What is the significance of Oh Il-nam being a player and the game's creator?
Oh Il-nam (Player 001) is revealed in the finale to be the wealthy founder of the games, who chose to participate as a dying man seeking one last thrill and genuine human connection. His friendship with Gi-hun was real on some level, but it also served as a final experiment to test whether a stranger would show compassion to a dying old man — a bet he made with a fellow billionaire. His presence as a player deliberately blurs the line between predator and prey, showing that the games exist to entertain the ultra-wealthy who have lost all meaning in life. His death at the end of Episode 9 closes his arc as both participant and architect.
Why does Gi-hun dye his hair red at the end of Season 1 and refuse to board the plane?

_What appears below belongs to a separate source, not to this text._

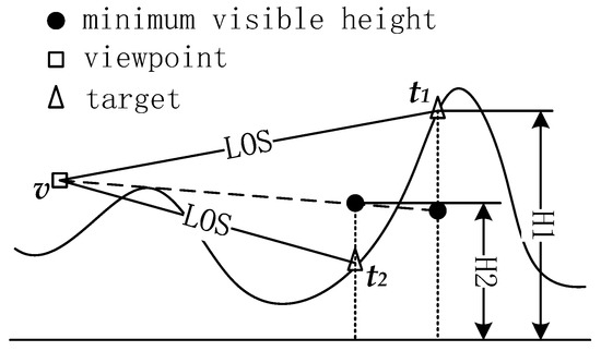 The direct LOS method and the LOS height. The curve represents the profile of a terrain. v is the viewpoint above the terrain. t1 and t2 are two adjacent targets on the terrain. The direct LOS method determines the visibility of a target point by comparing its predicted minimum visible height and its elevation. The elevation of t1 is higher than its predicted minimum visible height. t1 is visible and t1’s LOS height H1 equals the actual elevation of t1. The elevation of t2 is lower than its predicted minimum visible elevation. t2 is invisible and its LOS height H2 equals the minimum visible height.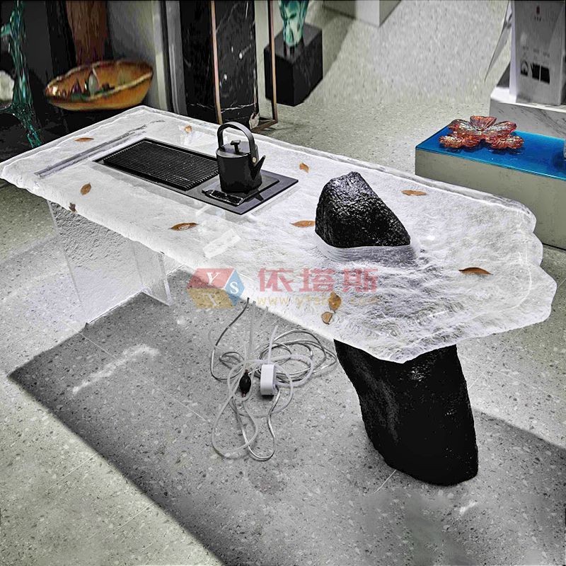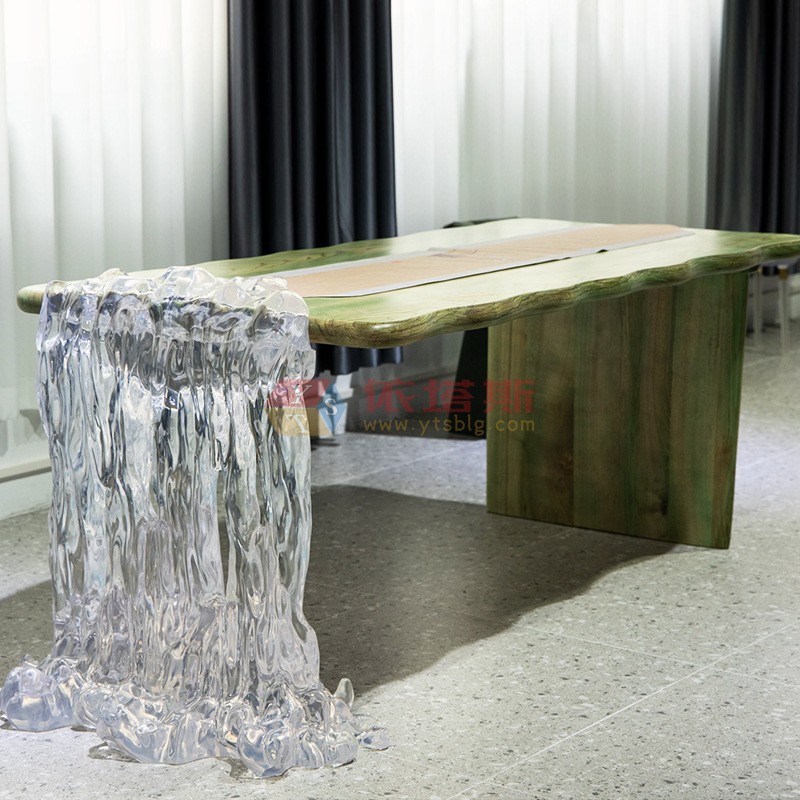? ? ? ? ?觸手所及,表面是經(jīng)過精細打磨的溫潤平滑,全然沒有真冰的刺骨寒意,卻保留了冰的視覺清涼。這種觸感與觀感之間的微妙矛盾,正是其設(shè)計的精妙之處。桌面之下,常常嵌入天然材質(zhì)的基座,或是粗獷沉穩(wěn)的原木,或是冷峻硬朗的黑鐵。木材的溫厚與樹脂的冰透,鋼鐵的堅毅與“冰川”的脆弱美感,在此刻達成了和諧的統(tǒng)一,仿佛冰川悄然生長于凍土與巖層之上,自然之力與現(xiàn)代工藝渾然天成。

Gi-hun's red hair signals a psychological break from the passive, drifting person he was throughout the series — it is a visual marker of rage and transformation rather than recovery. His refusal to board the plane to see his daughter suggests he cannot move on while the games continue, having just witnessed the recruiter (salesman) approaching another desperate man on the street. The final scene positions him not as a trauma survivor trying to heal, but as someone who has decided to confront the organization directly. Creator Hwang Dong-hyuk confirmed the choice reflects Gi-hun's shift from victim to potential agent of resistance.
What does the glass bridge game reveal about the nature of knowledge and survival?
The glass bridge (Episode 7) pits players against a fifty-fifty guessing game unless someone has specialized knowledge — the glass worker Cho Sang-woo exploits this by concealing that Player 017's expertise in glass could identify tempered versus regular panes by sound. The game is designed so that early players are essentially sacrificed to give later players information, exposing how the wealthy designers engineer scenarios where accumulated knowledge only marginally improves odds. Sang-woo's decision to push Player 017 off the bridge before he can fully use his expertise is a pivotal moral turning point, showing how survival logic corrupts even sympathetic characters. The episode is widely read as a critique of class systems where specialized labor is exploited and then discarded.
Why did Sae-byeok (Player 067) keep her backstory about her family hidden from the group?
Kang Sae-byeok is a North Korean defector whose mother is still trapped in the North and whose younger brother is in a Seoul orphanage — she entered the games solely to win enough money to reunite her family. She withholds this because vulnerability in the games is a liability, and she has survived by trusting no one since defecting. Her gradual openness with Gi-hun in the final episodes underscores how the games force isolation even among people who might otherwise form genuine bonds. Her death at Sang-woo's hands just before the final game is especially brutal because it comes after she has already accepted losing, having been mortally wounded in the glass bridge game.